I'm new to this smoking thing.   I just purchased a MES, grinder, and meat mixer to process my own venison.  Was looking for recipes when I came accross your site.  I would have to say I'm excited to get started.  I'm heading to Wally World in an hour or so to purchase a pork loin for the smoker tomorrow. I was thinking about a mustard bath along with a nice rub, allowing to sleep in the fridge overnight and rest most of the day because, at 3:00 pm it's getting smoked! If anyone wants to offer up some pointers, I'm all open.   If I have done my research, I will smoke at 240 until internal temp is 150. I will be using dry hickory chips a handfull at a time, and continue smoke until done. Rule of thumb says about 1.5 hours per pound. What do I do with the damper on top of the unit?  Thanks for the help and enjoy the site. Smoke on!


----------



## ajthepoolman (Aug 28, 2007)

Welcome to the site!

Purchase Jeff's Famous Rub and put it all over the mustard covered pork.  The taste is amazing!


----------



## chadpole (Aug 28, 2007)

Welcome,bdlight4 to the SMF


----------



## mossymo (Aug 28, 2007)

Welcome to SMF from just North of you !!! Be sure and season your smoker before you use it, it is a good test run and it will elminate any new tastes or odors from your smoker to the meat.


----------



## bdlight4 (Aug 28, 2007)

Thanks for the welcom.  What do you suggest to season the smoker?


----------



## meowey (Aug 28, 2007)

Welcome to SMF!  Glad you found us!

You might want to PM Illini.  He has an MES.

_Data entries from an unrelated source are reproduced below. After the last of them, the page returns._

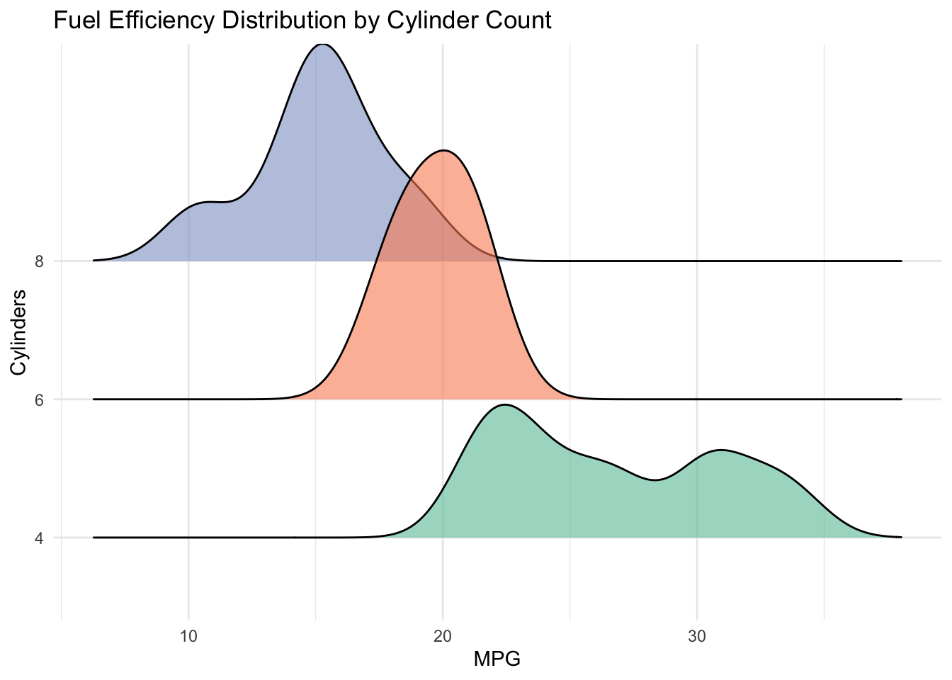 # Ridgeline: density for each categorymtcars |>ggplot(aes(x = mpg, y =factor(cyl), fill =factor(cyl))) +geom_density_ridges(alpha =0.6) +scale_fill_brewer(palette ="Set2", guide ="none") +labs(title ="Fuel Efficiency Distribution by Cylinder Count",x ="MPG",y ="Cylinders" ) +theme_minimal()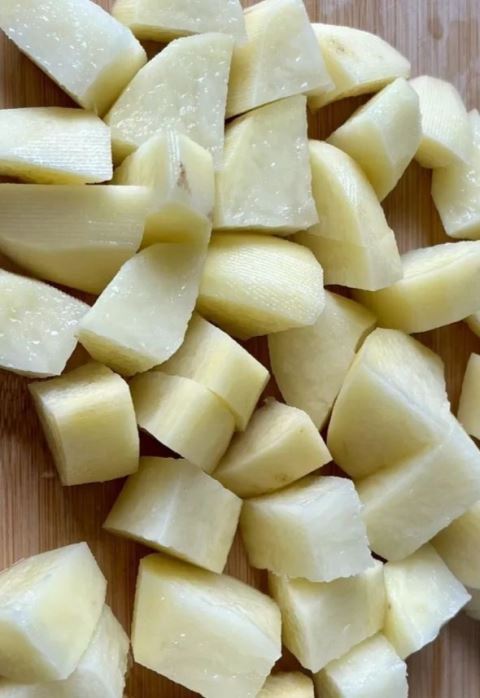 2.土豆去皮,切成滚刀块,浸泡在清水中,洗去表面淀粉;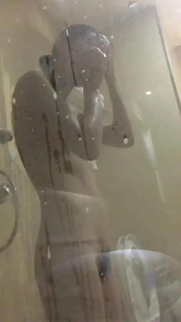 Watch a stunning blonde beauty shower and wash her hair in a steamy bathroom, captured in POV.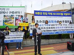 M. Cui, au nom des pratiquants du Falun Gong en Corée, a lu une déclaration condamnant et énumérant les crimes sanglants de Bo contre les pratiquants innocents du Falun Gong depuis 1999. La déclaration estime que la visite de Bo est une honte pour les Coréens. Bo devrait quitter la Corée.

Take care, have fun, and do good!

Regards,

Meowey


----------



## gypsyseagod (Aug 28, 2007)

welcome to smf.


----------



## blackhawk19 (Aug 28, 2007)

You can spray the inside with Pam, crank it up to a high temp and get some smoke going for a couple of hours


----------



## richoso1 (Aug 28, 2007)

Hello and welcome to the SMF. You'll have plenty of sound advise from some friendly folks on this site. Looking forward to your Q Views!


----------



## illini (Aug 28, 2007)

Welcome to SMF..bdlight4

The MES has a stainless steel liner inside....no need to put a vegetable oil on it....just set your thermostat to around 230-250* put about 1/2 inch of water in the pan and burn 4 or 5 chips every 30 minutes through the dump pan...do all of this for around 2-3 hours and it will be ready to go.

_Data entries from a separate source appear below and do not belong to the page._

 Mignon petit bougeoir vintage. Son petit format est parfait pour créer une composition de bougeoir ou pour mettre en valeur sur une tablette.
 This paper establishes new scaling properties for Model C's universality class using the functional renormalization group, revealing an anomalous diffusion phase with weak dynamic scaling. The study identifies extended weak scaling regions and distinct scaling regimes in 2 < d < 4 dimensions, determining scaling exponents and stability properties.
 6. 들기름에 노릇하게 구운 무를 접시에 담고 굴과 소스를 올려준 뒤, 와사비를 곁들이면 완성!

To start with until you want to try something different leave the top vent open....I say this because most new owners tend to overdo the amount of wood they use....this full open position will allow more smoke to get out

Remember, if you can just determine that there is smoke coming out the top then you have it just right as far as the chips are concerned.....I find that somewhere between 3 and 5 chips added every 30-40 minutes gets you in the realm of thin blue smoke
	

	
	
		
		



		
			






If you are doing a Pork loin (the big ones) try cutting your hickory chips by 50% and replace that with apple chips.....50-50 mix

Never used mustard on pork loin....doubt whether it will help develop a "bark" since it won't be cooking that long....A good rub applied is great though

Take mine to 160-165 internal but that is my personal opinion

Usually run my smoker at 225 for most everything but 240 probably OK.

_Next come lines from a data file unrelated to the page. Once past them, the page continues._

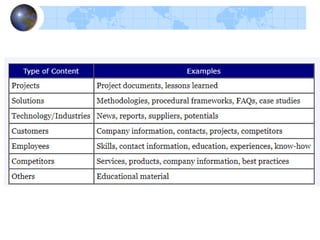 Knowledge management refers to systematically managing an organization's knowledge assets to create value and meet tactical and strategic goals. It involves initiatives, processes, strategies, and systems to store, assess, share, refine, and create knowledge. Key components of knowledge management include people, processes, information, and technology. The knowledge management life cycle includes capturing, organizing, refining, and transferring knowledge. Knowledge management systems support knowledge dissemination and application, while tools include knowledge portals, intranets, groupware, and data mining software. Knowledge professionals organize and distribute knowledge through repositories, search, and collaboration applications to enhance knowledge accessibility and quality.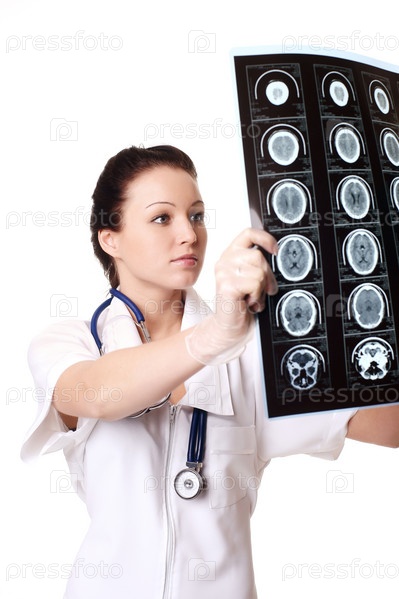 Женщина-врач с рентгеном мозга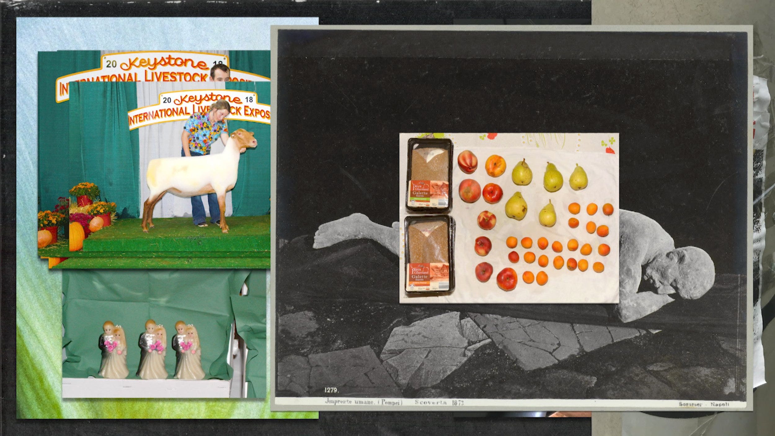 DP: I quite like adopting the aesthetics and tropes of certain formats. Like in my film If you’re watching this now then this is for you (2022), which I made with Sally Beets who did the writing and voiceover, she made a note of all these TikTok video titles and rearranged them to form a poem that gives a sense of the anxiety those kind of apps can induce. So, that one is a TikTok-inspired format, and is one minute long. Going further back, my film Content Anxiety (2019) was more of a take on the YouTube format. That work has quite a few disparate, collaged images overlapping in the centre of the frame and then each one of these YouTuber voices that you can hear has their own looping animated icon in the corner of the screen, like branding. That film is a lot about self-branding and the worries people have around their relevance online, so everyone had their own little brand symbol which reflected what they were talking about. Back to the question, though; I think increasingly there’s quite a fluidity between the formats I work in. When I have a solo show, I like making these immersive ‘image worlds’. So, in my show Factory Reset in 2022, some of the original images from my archive were shown as stickers on the wall, but then appeared in the collages and then would also appear in video work. I quite like these recurring motifs across different formats, where the works come together to form a system of interrelations or linkages, for the viewer to bounce between.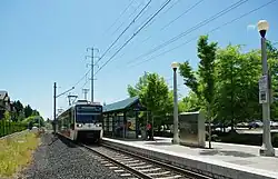 Designed by the architectural group OTAK Inc., the station features a single island platform between the two tracks.[15] Located on northwest Quatama Road at northwest 205th Avenue in Hillsboro, the station is served by the MAX Blue Line.[16] The station includes a park-and-ride lot, bike lockers, bike racks, has a variety of public artwork, and is compliant with the Americans with Disabilities Act.[16] It was situated in fare zone 3 until TriMet discontinued all use of fare zones, in September 2012. The station sits on 3.35 acres (13,600 m2) on the south side of the rail line.[17] The construction of townhomes and condominiums in the area was a result of the station.[18]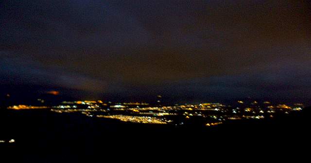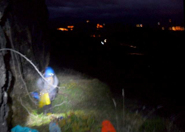 Y ya de noche, mientras recogemos auxiliados con las frontales, el lugar se revela como un mirador espectacular hacia Ponferrada.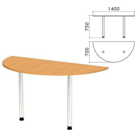 Стол приставной полукруг "Монолит", 1400х700х750 мм, цвет бук бавария (КОМПЛЕКТ)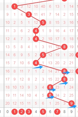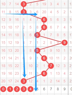 上图是体彩七星彩从左到右第一位走势图,我在上面走势图中标注出来的数字都是质数12357,从质数数字和合数数字来分析,你们看上走势图中标注出来的蓝色小箭头就知道,最近合数数字连续开出了6期,那么本期个人觉得开出质数数字的概率比开合数的概率要大,关注第一位出质数12357,个人最看好数字235。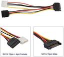 Paruht Power Sharing Cable 0.2 m 15 Pin SATA Male to 4 Pin IDE Molex Female + SATA Female Extension Cord Wire (Compatible with SATA, Hard Drive, SDD, HDD, DVD, DVD, PCI Cards, Motherboard, 1P - Reddish Black, One Cable)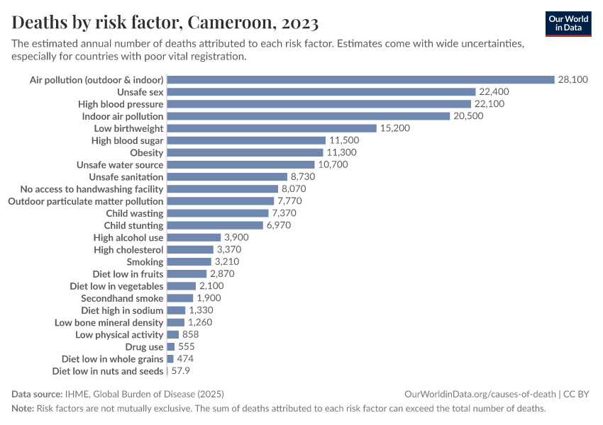 In the chart, you can see modeled estimates for how many people in Cameroon die prematurely as a result of various risk factors. Note that the same death can be attributed to multiple risk factors, so the death tolls from different risk factors cannot simply be added up (this is why their sum can be higher than the total number of deaths).

Good Luck and if at first you do not succeed then try try again......Lots of fun that way


----------



## cajun_1 (Aug 28, 2007)

Welcome to the SMF


----------



## ultramag (Aug 28, 2007)

Welcome to SMF bdlight4!!!


----------



## deejaydebi (Aug 28, 2007)

Welcome Bdlight -

Glad to have you aboard! You be love this new hobby!


----------



## johnd49455 (Aug 28, 2007)

Welcome to SMF the best BBQ site on the net


----------



## phinfan (Aug 29, 2007)

welcome aboard.


----------



## t-bone tim (Aug 29, 2007)

welcome to SMF,Bdlight and hello from Canada....real good advice there from Illini, don' t use a handful of chips 5 or 6 good size ones at a time will do ....when doing pork I run my mes @ 230 ....also Dutch has a wonderful recipe posted as a sticky in the pork section for pork loin...dutch's smoked porkloin with mahogany sauce ,try it's yummy


----------



## bbq bubba (Aug 29, 2007)

Welcome to the SMF!


----------



## coleysmokinbbq (Aug 29, 2007)

Hi bdlight4!...Welcome to the SMF!...
	

	
	
		
		



		
		
	


	





...Glad to have you aboard!...


----------



## hawgheaven (Aug 29, 2007)

Welcome to SMF, glad you found us!


----------



## bdlight4 (Aug 29, 2007)

Thanks everyone for the welcome and input.  I couldn't take it, last night I fired up the smoker just for the smell. I sat on the deck enjoying the smell and a cold beverage! I did notice that the MES didn't make a lot of smoke. The temp was holding between 238-240. The chips I have are more like shavings, not chunks of wood.  Should they be wet? I have read that people use both ways.


----------



## vlap (Aug 29, 2007)

Hello and welcome to smf! I miss S.D. My grandparents lived there through my childhood in canton. My grandpa owned a small 5 and dime on a corner of mainstreet. Spent many a day in the blackhills there having big picnics. My uncle still lives in souix falls.
Been a long time since I was up there!


----------



## t-bone tim (Aug 29, 2007)

bdlight4 ...I prefer to use mine dry , in the electric mes ,if you use wet chips it takes too long for them to smoke , best to use em dry ,IMHO.


----------